- Data extract -
----------------
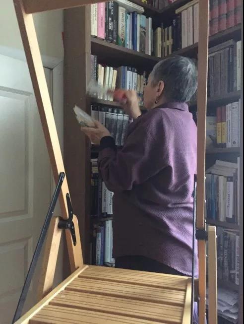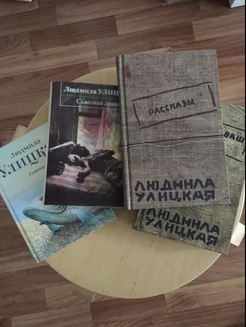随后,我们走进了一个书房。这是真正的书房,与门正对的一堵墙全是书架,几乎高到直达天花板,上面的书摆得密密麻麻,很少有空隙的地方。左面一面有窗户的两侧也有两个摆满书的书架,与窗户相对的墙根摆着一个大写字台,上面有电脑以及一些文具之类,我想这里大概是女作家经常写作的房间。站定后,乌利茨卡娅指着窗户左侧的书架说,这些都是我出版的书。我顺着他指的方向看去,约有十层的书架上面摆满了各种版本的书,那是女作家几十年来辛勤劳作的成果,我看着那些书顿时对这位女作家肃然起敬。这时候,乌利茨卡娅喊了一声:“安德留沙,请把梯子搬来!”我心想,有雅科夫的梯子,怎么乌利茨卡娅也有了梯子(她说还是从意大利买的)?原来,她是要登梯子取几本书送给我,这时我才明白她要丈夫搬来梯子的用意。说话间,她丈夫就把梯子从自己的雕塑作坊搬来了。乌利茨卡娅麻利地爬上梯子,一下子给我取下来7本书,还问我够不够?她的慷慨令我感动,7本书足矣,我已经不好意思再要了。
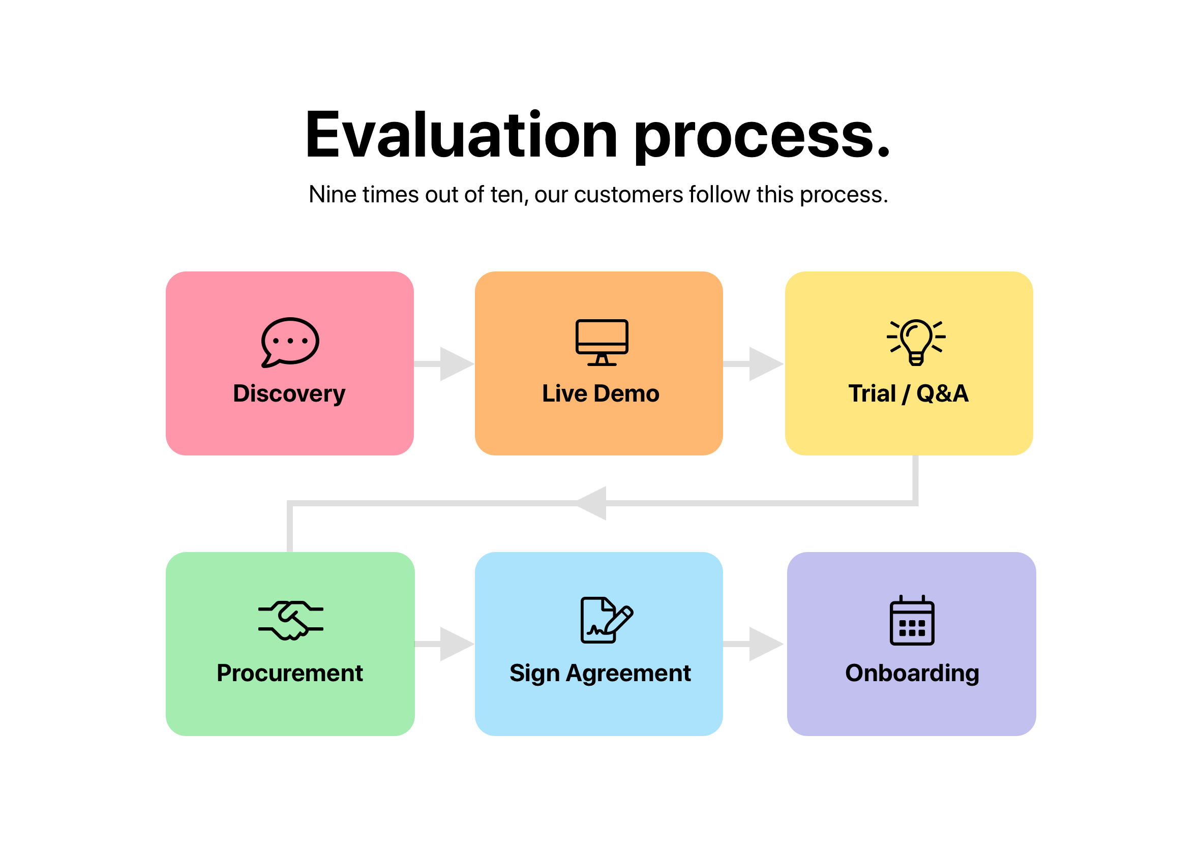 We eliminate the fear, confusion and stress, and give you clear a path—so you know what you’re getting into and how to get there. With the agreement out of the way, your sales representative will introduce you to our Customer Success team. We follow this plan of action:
----------------
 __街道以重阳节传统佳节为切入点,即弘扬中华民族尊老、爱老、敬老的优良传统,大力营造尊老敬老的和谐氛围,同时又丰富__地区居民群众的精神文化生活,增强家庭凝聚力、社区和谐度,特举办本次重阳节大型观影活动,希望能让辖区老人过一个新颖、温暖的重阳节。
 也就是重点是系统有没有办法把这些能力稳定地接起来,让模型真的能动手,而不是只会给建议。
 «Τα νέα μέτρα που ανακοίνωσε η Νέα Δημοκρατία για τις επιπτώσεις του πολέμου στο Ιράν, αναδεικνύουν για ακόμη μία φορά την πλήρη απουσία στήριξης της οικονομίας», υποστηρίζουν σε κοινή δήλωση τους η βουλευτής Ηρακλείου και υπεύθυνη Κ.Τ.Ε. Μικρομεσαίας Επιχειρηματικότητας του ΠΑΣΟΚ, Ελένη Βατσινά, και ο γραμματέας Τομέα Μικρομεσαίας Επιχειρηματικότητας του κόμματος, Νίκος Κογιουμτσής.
----------------
- Task instructions -
The answer must be the part of the records that opens with the line containing "随后,我们走进了一个书房。这" and closes with the line containing "We eliminate the", reproduced exactly, with no pictures.

- Solution to the exercise -
随后,我们走进了一个书房。这是真正的书房,与门正对的一堵墙全是书架,几乎高到直达天花板,上面的书摆得密密麻麻,很少有空隙的地方。左面一面有窗户的两侧也有两个摆满书的书架,与窗户相对的墙根摆着一个大写字台,上面有电脑以及一些文具之类,我想这里大概是女作家经常写作的房间。站定后,乌利茨卡娅指着窗户左侧的书架说,这些都是我出版的书。我顺着他指的方向看去,约有十层的书架上面摆满了各种版本的书,那是女作家几十年来辛勤劳作的成果,我看着那些书顿时对这位女作家肃然起敬。这时候,乌利茨卡娅喊了一声:“安德留沙,请把梯子搬来!”我心想,有雅科夫的梯子,怎么乌利茨卡娅也有了梯子(她说还是从意大利买的)?原来,她是要登梯子取几本书送给我,这时我才明白她要丈夫搬来梯子的用意。说话间,她丈夫就把梯子从自己的雕塑作坊搬来了。乌利茨卡娅麻利地爬上梯子,一下子给我取下来7本书,还问我够不够?她的慷慨令我感动,7本书足矣,我已经不好意思再要了。
 We eliminate the fear, confusion and stress, and give you clear a path—so you know what you’re getting into and how to get there. With the agreement out of the way, your sales representative will introduce you to our Customer Success team. We follow this plan of action:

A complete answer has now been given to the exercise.